Republican candidate for treasurer Wendy Wilton used the 14.5-percent figure for a 2011 fiscal analysis that has been seized by single-payer opponents as proof of Shumlin’s folly. The report, dismissed by administration officials as political propaganda, forecast a multi-billion-dollar deficit in Shumlin’s single-payer program.
But Spaulding says a payroll tax of that magnitude would inflict undue harm on Vermont businesses.
“If there’s a payroll tax involved, it better be pretty small so we don’t put our businesses at a competitive disadvantage,” Spaulding says. “Anything in the range of the Hsiao report would be totally off the table for the Shumlin administration.”

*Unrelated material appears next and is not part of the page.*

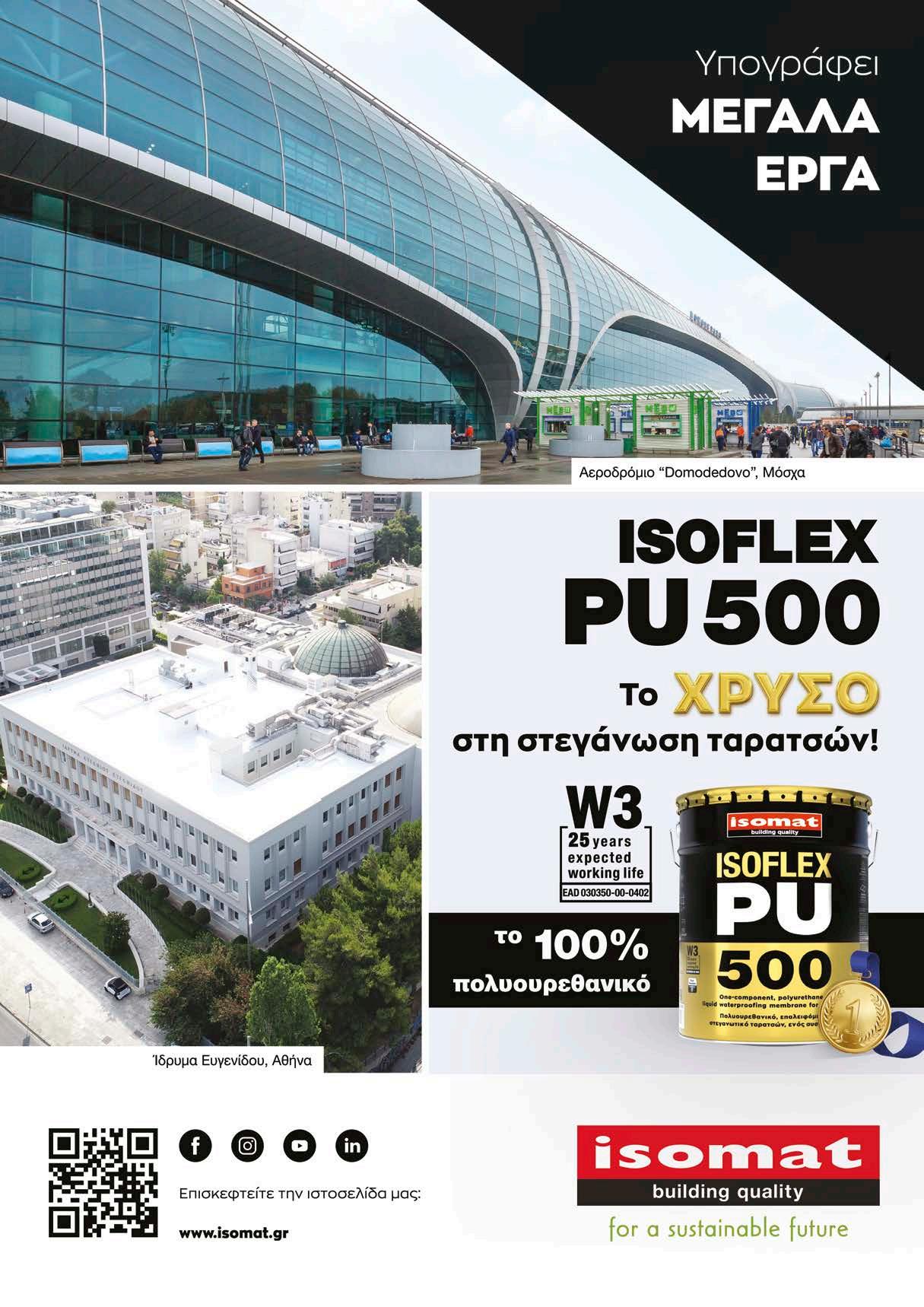 Center Τ.: 210 710 2452 Κωδικός ΕΛΤΑ: 21- 0183 ISSN 2732-6950 Εκδότης Μιχάλης Μπούσιας Διευθύντρια Περιοδικών Εκδόσεων Κατερίνα Πολυμερίδου Group Αdvertising Director Λήδα Πλατή Ετήσια Συνδρομή: €99 12 6 NEWS CONSTRUCTION CSR & ESG 7 ISOMAT: Πρωτοστάτης της Βιώσιμης Ανάπτυξης SPECIAL REPORTS 8 Στα 10 δισ. σκαρφάλωσε το ανεκτέλεστο των κατασκευαστών 12 Τα μεγάλα έργα του 2023: Όσα μπαίνουν σε φάση υλοποίησης 56 Κυβερνοέγκλημα: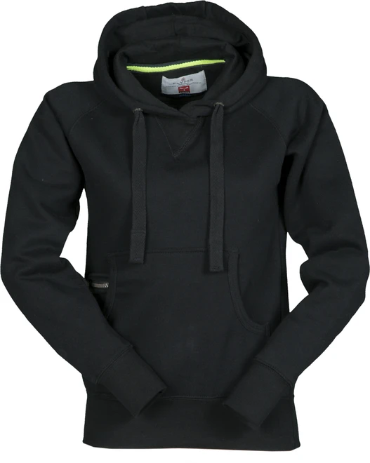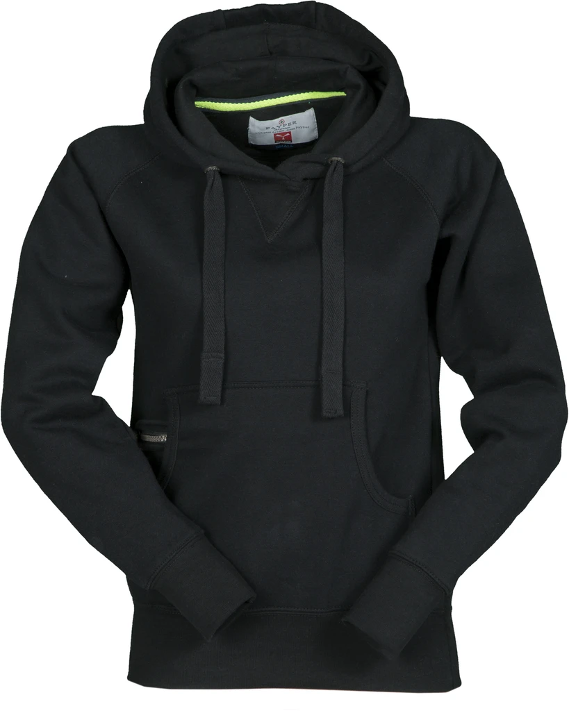 Women’s fitted hoodie with double stitched seams and white drawstring with contrasting stitching and metal rings, raglan sleeves, V-design neck stitching, kangaroo pockets, small zip pocket, stretch rib cuffs and hem, reinforced seams

So if not a large payroll tax, then what?
Robin Lunge, director of health care reform for the Shumlin administration, says the contract signed with the University of Massachusetts will help provide the answers.
“This is the deep dive, building something based on an actual benefits package as well as really trying to dig into pros and cons of financing options,” Lunge says.
The contract enumerates the scope of services that will be provided by the university, beginning with a tally of estimated costs for the new system.
The financing team will then examine projected federal revenues, money that will arrive in Vermont in the form of Medicare, Medicaid and tax subsidies rolled into Obamacare.
Finally, contractors will explore financing options, including “taxes, fees, assessments, premiums and any cost-sharing,” according to language in the contract.
The establishment of a new health care financing system could have far-reaching impacts on the whole of Vermont’s tax code, and the contract stipulates that the financing plan shall include an “analysis of the interaction of new provisions with Vermont’s current revenue structure, including income, property and sales tax, and recommend possible complementary reforms to the overall tax code.”
Lunge says the state needs to weigh carefully the impact of the financing plan on the broader economy.
“We need an analysis of the macroeconomic impacts, so we know that if we change financing in one way, we have a sense of how that flows out into state’s economy,” Lunge says.
While the state will honor its statutory obligation to present a financing plan to lawmakers by Jan. 15 of 2013, Spaulding says they won’t necessarily be asking lawmakers to adopt it.
Under current law, Vermont won’t be eligible for single-payer waivers until at least 2017, and Spaulding says it will likely be premature to adopt a financing plan next year.
That means that while the financing package will generate plenty of debate and discussion in Montpelier next year, Shumlin’s single-payer push won’t face any life-or-death votes.
“We recognize that whatever the plan is next year, it will need to be modified as circumstances change after 2014,” Spaulding says. “It would be unusual to say the least to ask the Legislature to pass a financing plan a couple of years before the plan was to go into effect.”
Spaulding says transitioning to the new public-financing regime “won’t be like flipping a switch.”
“And we might not separate fully from an employment-based system in the first year,” he says. “And in the beginning at least, there’s a good possibility that premiums will still be involved.”
Whatever the financing system looks like, Lunge says it will incorporate the values that Vermonters shared with government officials during health care reform “listening sessions” earlier this year.
Those sessions were derided by single-payer opponents as political theaters designed to lend a false legitimacy to Shumlin’s reform initiative.
Lunge, however, says lessons learned during those meetings will ensure that Vermont’s new health care system is tailored to meet the needs of the population it serves.
“We’re paying (UMass) a lot of money and we need to make sure the product is aligned with Vermonters’ values,” Lunge says. “It won’t be them off, on their own, doing their own thing, because quite frankly they probably wouldn’t come back with a useful product.”